We can state and prove now a generalization for the classical Mean Value Theorem that also generalizes the result for the Fréchet derivative. This result can be shown using the compactness of the unit interval in {{\mathbb R}} and the definition of derivative, however by personal taste we are going to use an elegant argument that involves the Hahn-Banach theorem.

Theorem 3 (Mean value Theorem (Gateaux case))

Suppose that {f:G\subset X\rightarrow Y} is Gateaux differentiable at each point in {G} and let {x\in G} such that the line segment {\{x+th|t\in[0,1] \}\subset G} for some {h\in X}, then there exist {t_0\in (0,1)} such that:

\displaystyle || f(x+h)-f(x)||_Y\leq|| D_hf(x+t_0h)||_Y \ \ \ \ \ (11)

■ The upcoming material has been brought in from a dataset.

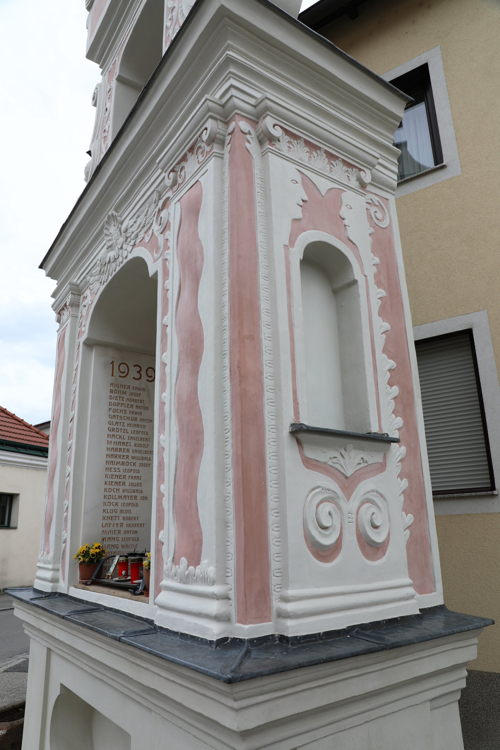 Der Bildstock stammt ursprünglich aus dem späten 17. Jahrhundert und wurde 1918 zum Kriegerdenkmal umgewidmet. Im Zuge der Restaurierungsarbeiten wurden die Oberfläche gereinigt, fehlender Putz ergänzt und das Denkmal mit Kalkfarbe neu gestrichen. Darüber hinaus wurde im unteren Bereich des kleinen Glockenturms eine neue Holzkonstruktion mit Gefälle eingebaut und die Blechabdeckung erneuert. Um Schäden durch Regenwasser vorzubeugen, sorgen nun unauffällige Kastenrinnen und Wasserabläufe für eine bessere Wasserableitung. Dadurch sollen unschöne Rinnspuren künftig vermieden werden.
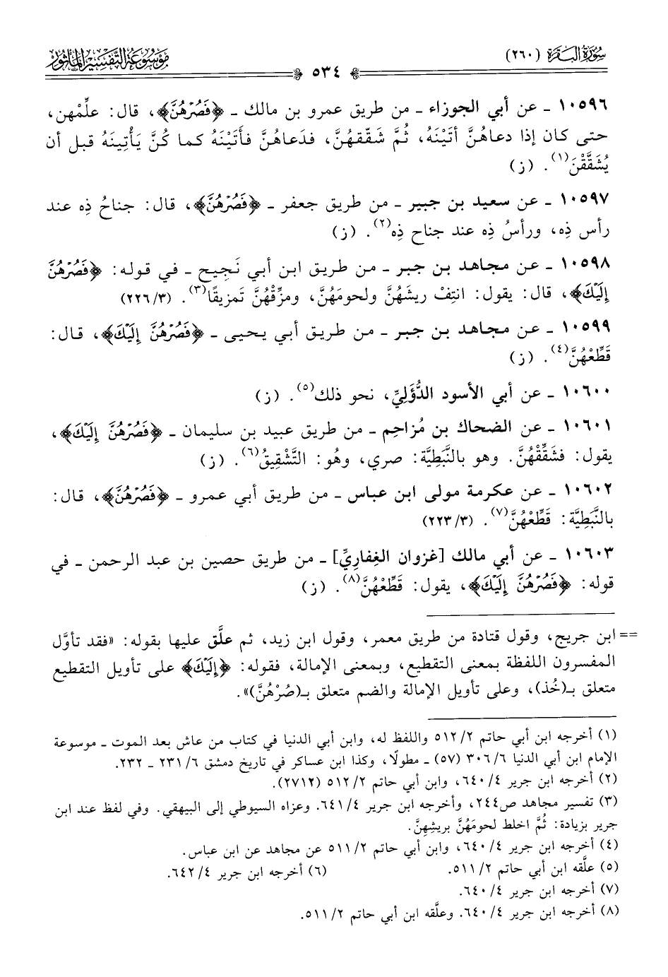 ١٠٦٠٢ - عن عكرمة مولى ابن عباس -من طريق أبي عمرو- {فصرهن}، قال: بالنَّبَطِيَّة: قَطِّعْهُنَّ (¬٧). (٣/ ٢٢٣)

Proof: Let {\psi:(0,1)\rightarrow Y} defined as in the last item of the lemma 2 and let {\phi \in Y^*} with {|| \phi ||_{Y^*}=1}, since the composition of continuous functions is also continuous we have that {\psi\circ \phi:[0,1]\rightarrow {\mathbb R}} is continuous on {[0,1]}, on the other hand, by the chain rule, the function {\psi\circ \phi} is differentiable on {(0,1)} and its derivative is given by {\psi'(t)=\phi (D_hf(x+th)} . Applying the mean value theorem for real valued functions defined on an interval we have that there exist {t_0\in(0,1)} such that:

\displaystyle |\phi(f(x+h)-f(x))|=|\phi\circ\psi(1)-\phi\circ\psi(1)| \ \ \ \ \

\displaystyle =|\phi (D_hf(x+t_0h)|\leq || (D_hf(x+t_0h)||_Y \ \ \ \ \ (12)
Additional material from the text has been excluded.